[Data items]
=====
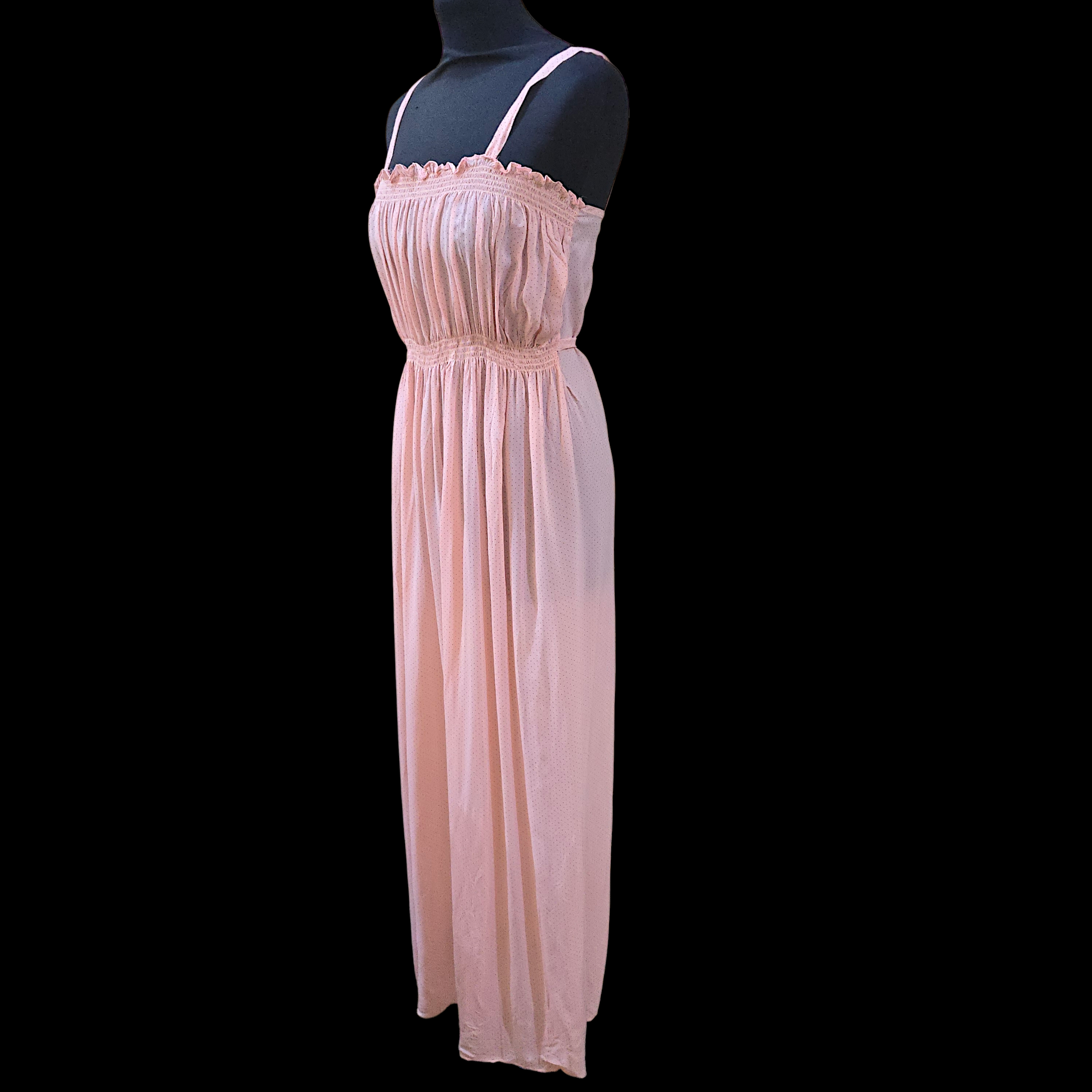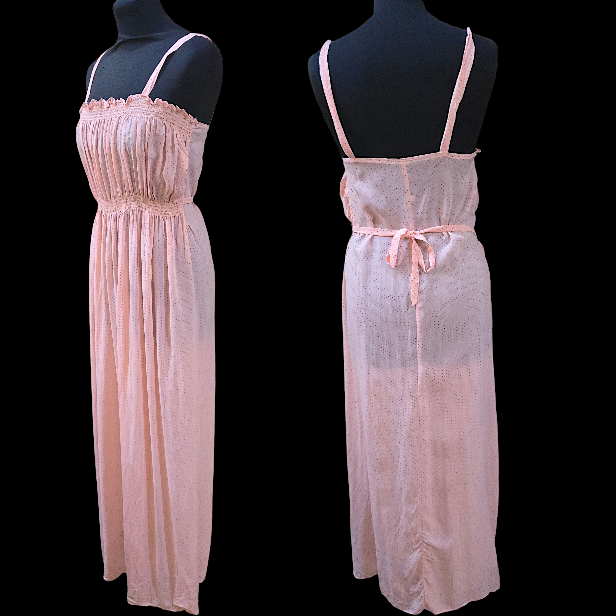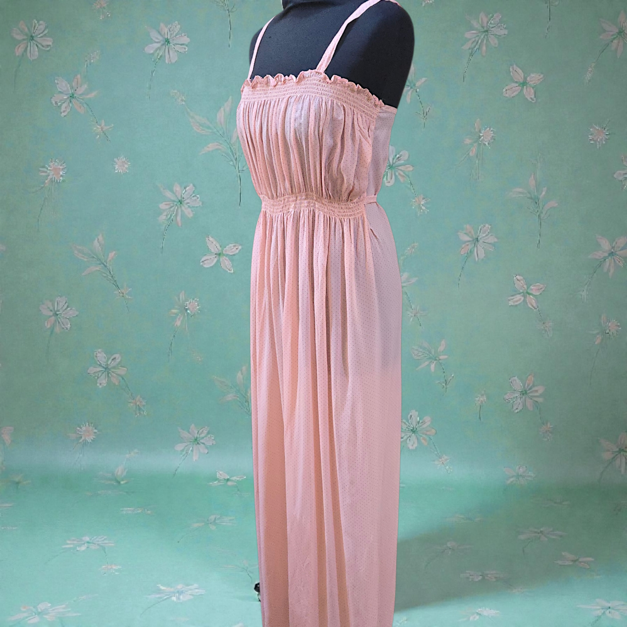In a pretty salmon pink Rayon with a tiny red micro dot print.
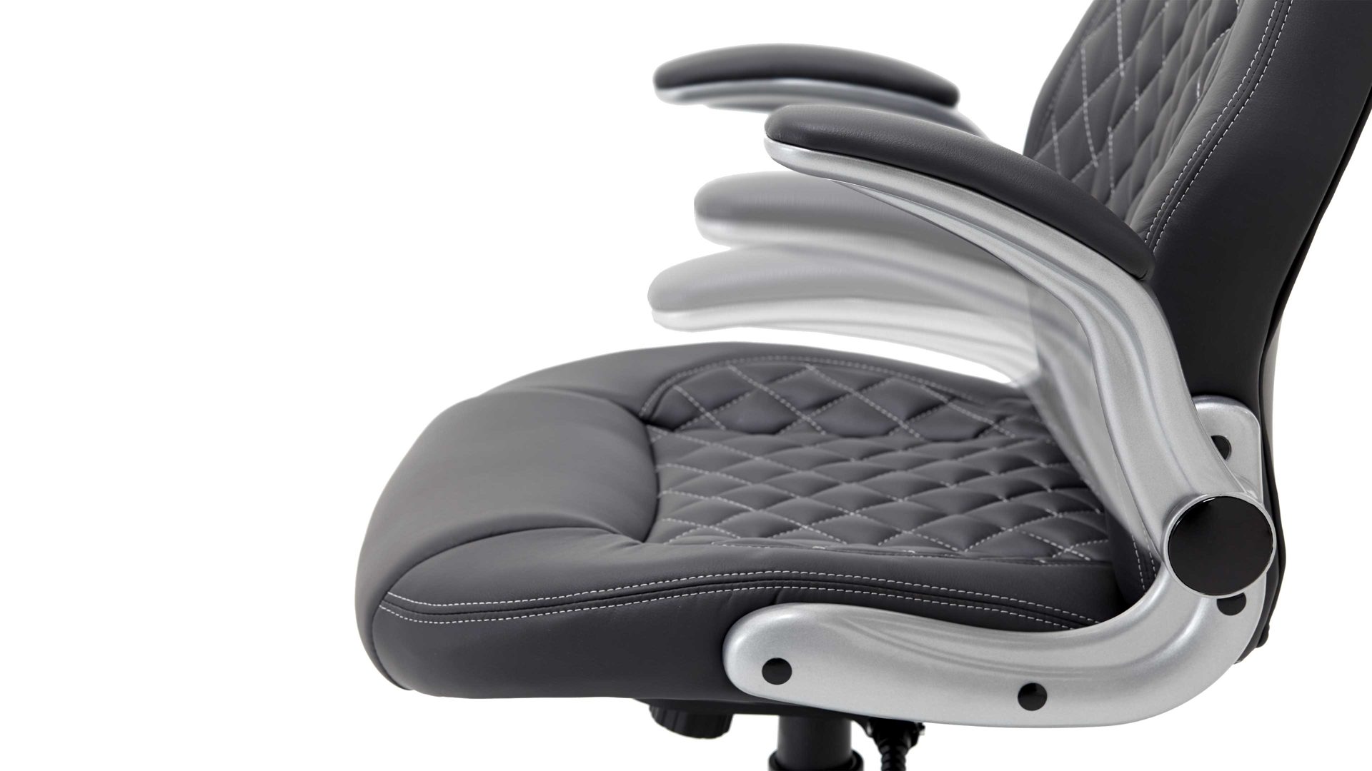 Der Drehstuhl begeistert mit einem anthrazitfarbenen Kunstlederbezug und einem silberfarbenen Nylon-Drehkreuz. Stellen Sie das bequeme Büromöbel an Ihren Schreibtisch, wo es mit den Maßen von ca. 68 x 116 – 126 x 68 cm (BxHxT) perfekt hinpasst. Durch die klappbaren sowie gepolsterten Armlehnen ist entspanntes Arbeiten garantiert.
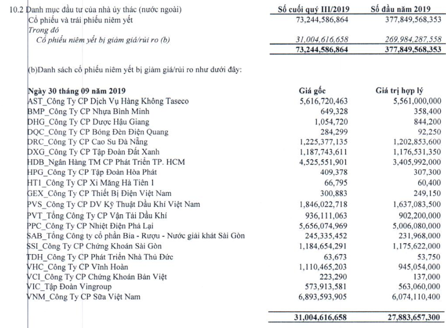 Trong đó, giá trị cổ phiếu niêm yết là 31 tỉ đồng, giảm mạnh so với mức 270 tỉ đồng đầu kì. Danh mục cổ phiếu hiện tại của Quản lý quỹ VAM Việt Nam tập trung vào một số cổ phiếu như AST, VNM, PPC, HDB, PVS, VHC, DXG và DRC.
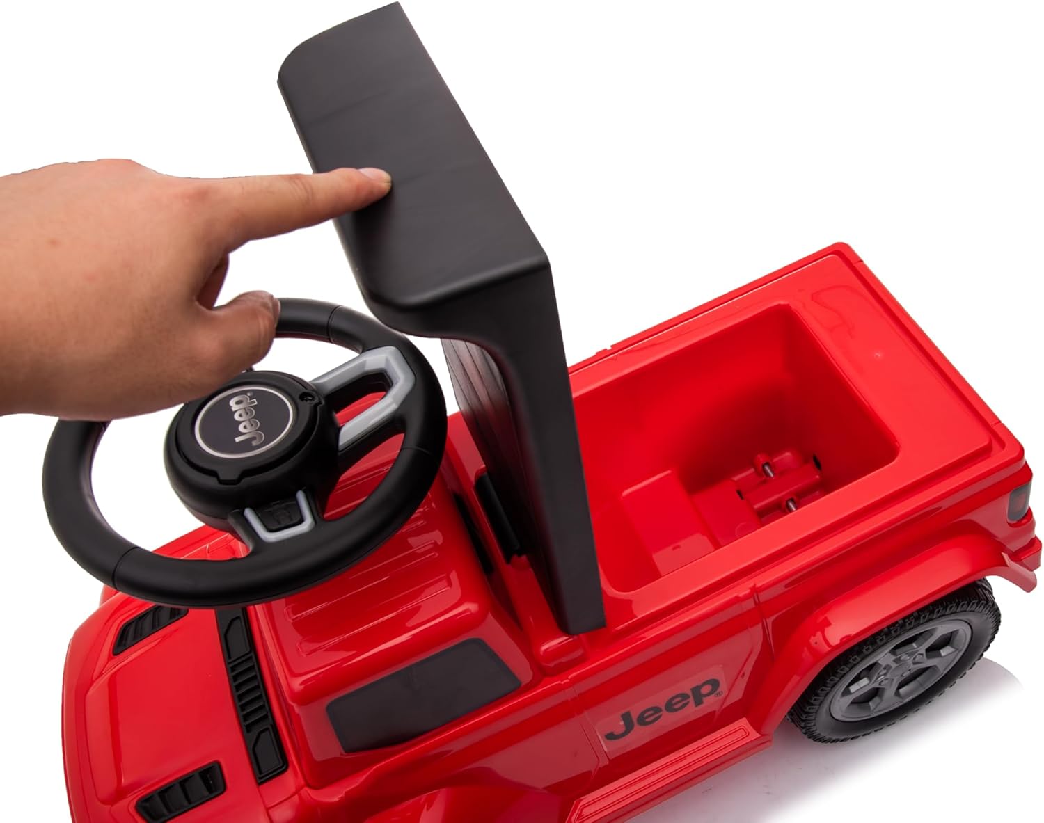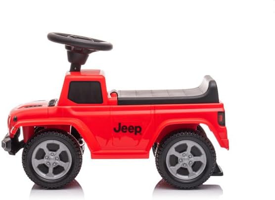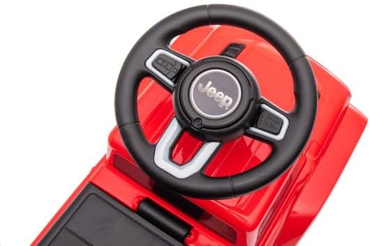 🚙 JEEP RUBICON CAVALCABILE – Veicolo per bambini con licenza ufficiale Jeep. Consigliato dai 12 mesi. 🎵 VOLANTE CON SUONI – Volante multifunzione con effetti sonori. Funziona con 2 pile AA (non incluse). 🧺 VANO NASCOSTO – Scomparto sotto il sedile per riporre giocattoli o accessori. 🛞 RUOTE CON FASCE IN GOMMA – Maggiore sicurezza e stabilità. Supporta fino a 25 kg. Conforme alla normativa europea CE. Colore bianco. 📏 DIMENSIONI DEL PRODOTTO – 64 x 30 x 39,5 cm (L x P x A). Il peso di questa macchina cavalcabile è di 3 kg.
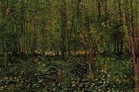 梵高以白色、黄色和红色的高光描绘了光线穿过树木落到低洼植物上的情景。光影的效果产生了许多绿色阴影,梵高在画布上用短笔触描绘了这些绿色阴影。一条黄色线暗示了一...
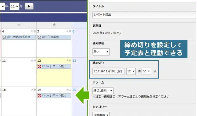 ToDoに締切日や優先度を設定すると、自動で予定表に表示することができます。
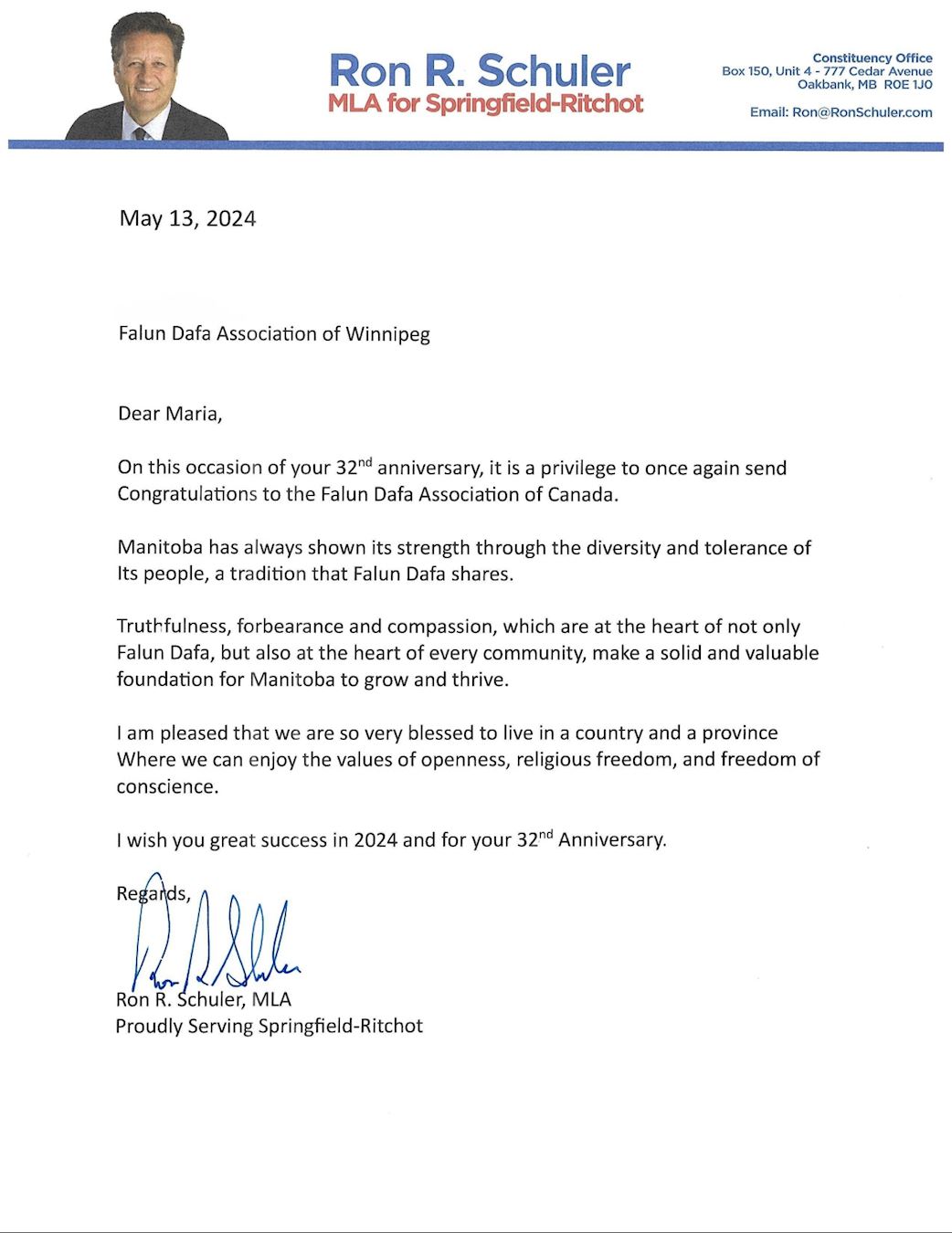 春田-里乔特区省议员罗恩·舒勒(Ron R. Schuler)在贺信中说:值此世界法轮大法弘传三十二周年之际,我荣幸地再次向加拿大法轮大法协会发出贺信。
=====
§ **ABOUT THIS EXERCISE**
Starting at the line that contains "Trong đó, giá", write out every line through the final line of the entries, word for word; skip any pictures.

§ **EXPECTED ANSWER**
 Trong đó, giá trị cổ phiếu niêm yết là 31 tỉ đồng, giảm mạnh so với mức 270 tỉ đồng đầu kì. Danh mục cổ phiếu hiện tại của Quản lý quỹ VAM Việt Nam tập trung vào một số cổ phiếu như AST, VNM, PPC, HDB, PVS, VHC, DXG và DRC.
 🚙 JEEP RUBICON CAVALCABILE – Veicolo per bambini con licenza ufficiale Jeep. Consigliato dai 12 mesi. 🎵 VOLANTE CON SUONI – Volante multifunzione con effetti sonori. Funziona con 2 pile AA (non incluse). 🧺 VANO NASCOSTO – Scomparto sotto il sedile per riporre giocattoli o accessori. 🛞 RUOTE CON FASCE IN GOMMA – Maggiore sicurezza e stabilità. Supporta fino a 25 kg. Conforme alla normativa europea CE. Colore bianco. 📏 DIMENSIONI DEL PRODOTTO – 64 x 30 x 39,5 cm (L x P x A). Il peso di questa macchina cavalcabile è di 3 kg.
 梵高以白色、黄色和红色的高光描绘了光线穿过树木落到低洼植物上的情景。光影的效果产生了许多绿色阴影,梵高在画布上用短笔触描绘了这些绿色阴影。一条黄色线暗示了一...
 ToDoに締切日や優先度を設定すると、自動で予定表に表示することができます。
 春田-里乔特区省议员罗恩·舒勒(Ron R. Schuler)在贺信中说:值此世界法轮大法弘传三十二周年之际,我荣幸地再次向加拿大法轮大法协会发出贺信。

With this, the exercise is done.